Project 7.6
Do some research on the length-to-width ratios of the packaging of common household items. Form some conclusions. Find some examples of the golden ratio in art. Do some research on dynamic symmetry.
References:
Philip J. Davis and Reuben Hersh, The Mathematical Experience (Boston: Houghton Mifflin Company, 1981), pp. 168-171
H. E. Huntley, The Divine Proportion: A Study in Mathematical Beauty (New York: Dover Publications, 1970).
Project 7.7
In Example 2 Section 7.6, we assumed the width of the Parthenon to be 101 ft and found the height to be 62.4 (assuming the golden ratio). If you worked Problem 8, you assumed the height to be 60 ft and found the width using the golden ratio to be 97 ft. Are the numbers from Example 2 and from Problem 11 consistent? Can you draw any conclusions?
References:
George Markowsky, “Misconceptions About the Golden Ratio,” The College Mathematics Journal, January 1992.
Project 7.8
What is the golden ratio?
What is the silver ratio? Write a paper on the silver ratio.
Project 7.9
Write a paper on perspective. How are three-dimensional objects represented in two dimensions?
References:
Mathematics and Perspective
http://mathforum.org/sum95/math_and/perspective/perspect.html
Morris Kline, Mathematics, a Cultural Approach (Reading, MA: Addison-Wesley, 1962), Chapters 10-11.
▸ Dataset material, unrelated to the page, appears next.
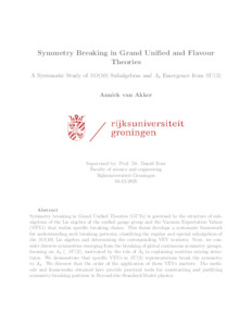 Akker, Annick van (2025) Symmetry Breaking in Grand Unified and Flavour Theories: A Systematic Study of SO(10) Subalgebras and A4 Emergence from SU(3). Master's Thesis / Essay, Physics.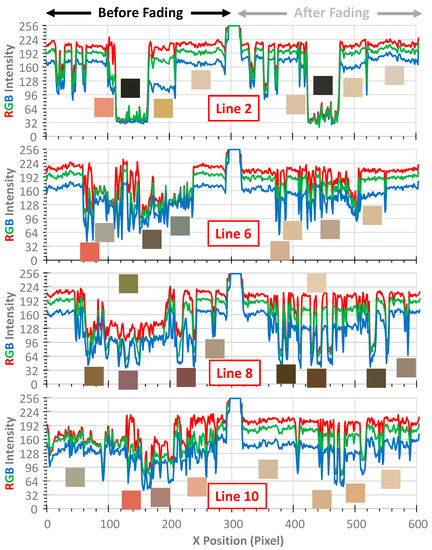 Line-by-line color information was extracted from 10 lines, as shown in Figure 5. Color information can be extracted from all lines in any direction, including free lines. Figure 6 shows the RGB intensity profile along 4 selected lines 2, 6, 8, and 10. Colors of a few locations per line showing noticeable color differences before and after color fading were shown together with RGB intensity line graphs.

C. Stanley Ogilvy, Excursions in Geometry(New York: Oxford University Press, 1969), Chapter 7.
Project 7.10
Is there a “best” rectangle. If you like to do origami, which size paper best suits your needs? What are “standard” sizes for paper?
Project 7.11
The discovery and acceptance of non-Euclidean geometries had an impact on all of our thinking about the nature of scientific truth. Can we ever know truth in general? Write a paper on the nature of scientific laws, the nature of an axiomatic system, and the implications of non-Euclidean geometries.
Project 7.12
Find the one composite number in the following set:
31
331
3331
33331
333331
3333331
33333331
333333331